Instructions for the task:
Transcribe exactly every line from the one containing "Car Speakers Pioneer" down to the final line of the listing below, including both, and leave out the rest.

Input data:
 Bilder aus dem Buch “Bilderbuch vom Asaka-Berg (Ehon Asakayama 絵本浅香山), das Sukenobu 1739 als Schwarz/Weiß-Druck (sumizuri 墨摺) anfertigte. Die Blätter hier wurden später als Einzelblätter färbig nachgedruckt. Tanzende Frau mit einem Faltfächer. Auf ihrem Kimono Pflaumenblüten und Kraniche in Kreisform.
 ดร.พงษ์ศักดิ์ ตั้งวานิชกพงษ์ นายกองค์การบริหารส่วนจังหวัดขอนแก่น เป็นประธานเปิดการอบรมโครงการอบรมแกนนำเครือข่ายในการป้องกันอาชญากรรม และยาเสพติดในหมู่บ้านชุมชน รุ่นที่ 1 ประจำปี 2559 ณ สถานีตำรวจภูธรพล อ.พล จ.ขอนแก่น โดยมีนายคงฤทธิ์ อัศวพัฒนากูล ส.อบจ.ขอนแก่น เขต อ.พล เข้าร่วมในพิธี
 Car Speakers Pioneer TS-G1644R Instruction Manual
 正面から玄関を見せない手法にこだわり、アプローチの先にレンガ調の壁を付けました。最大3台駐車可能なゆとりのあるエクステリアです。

The answer:
 Car Speakers Pioneer TS-G1644R Instruction Manual
 正面から玄関を見せない手法にこだわり、アプローチの先にレンガ調の壁を付けました。最大3台駐車可能なゆとりのあるエクステリアです。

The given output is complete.